═══ Study material ═══

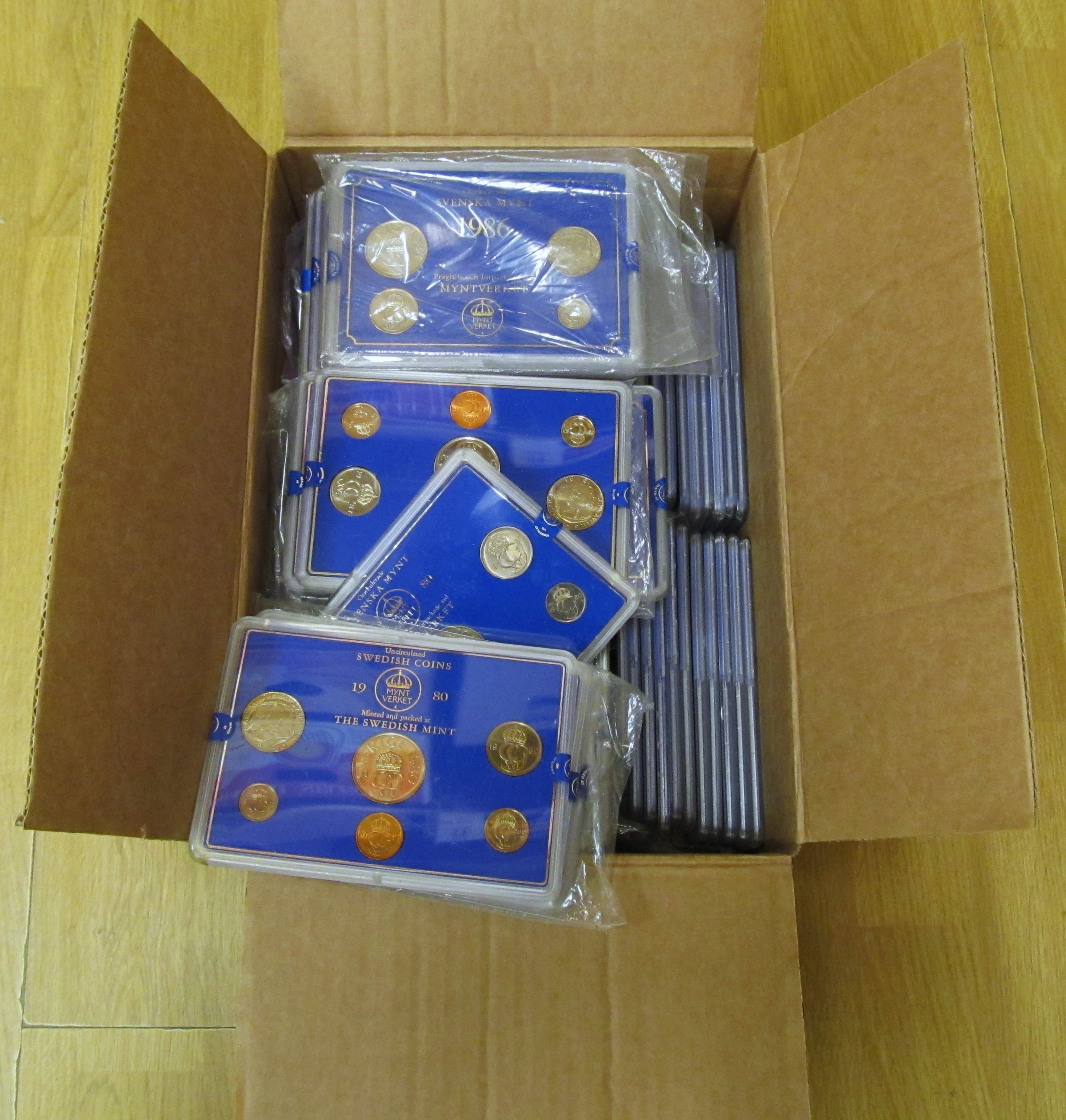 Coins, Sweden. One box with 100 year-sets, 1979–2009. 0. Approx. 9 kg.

═══
═══ Study material ═══

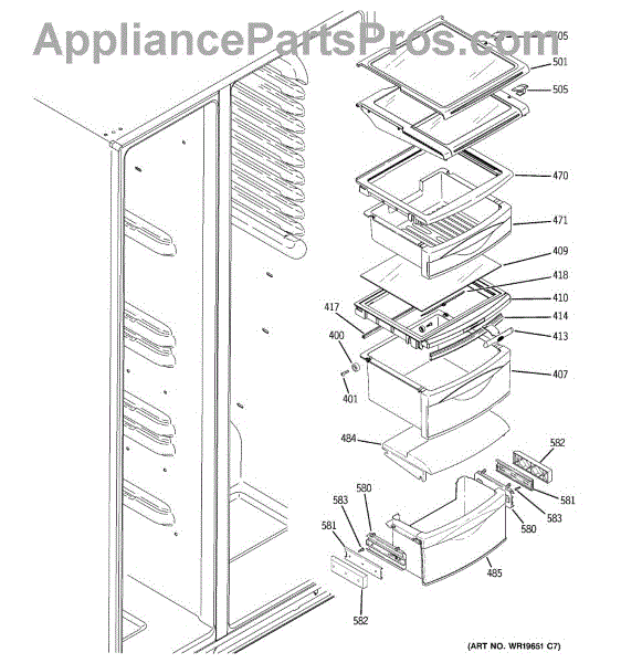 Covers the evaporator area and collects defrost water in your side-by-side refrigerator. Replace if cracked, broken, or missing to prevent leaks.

═══
═══ Study material ═══

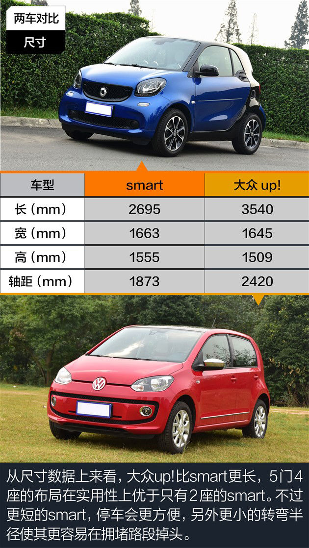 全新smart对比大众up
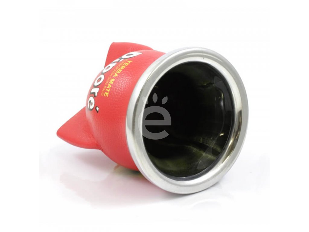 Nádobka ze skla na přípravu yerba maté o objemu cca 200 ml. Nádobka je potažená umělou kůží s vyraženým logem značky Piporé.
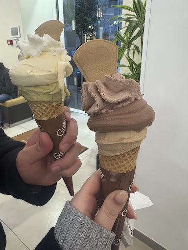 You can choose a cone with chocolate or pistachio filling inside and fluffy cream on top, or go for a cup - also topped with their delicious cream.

═══

Exercise: Your task is to copy only the lines above starting at the one containing "全新smart对比大众up" and ending at the one containing "You can choose". Copy them exactly, both ends included, and omit the pictures.

Output below:
 全新smart对比大众up
 Nádobka ze skla na přípravu yerba maté o objemu cca 200 ml. Nádobka je potažená umělou kůží s vyraženým logem značky Piporé.
 You can choose a cone with chocolate or pistachio filling inside and fluffy cream on top, or go for a cup - also topped with their delicious cream.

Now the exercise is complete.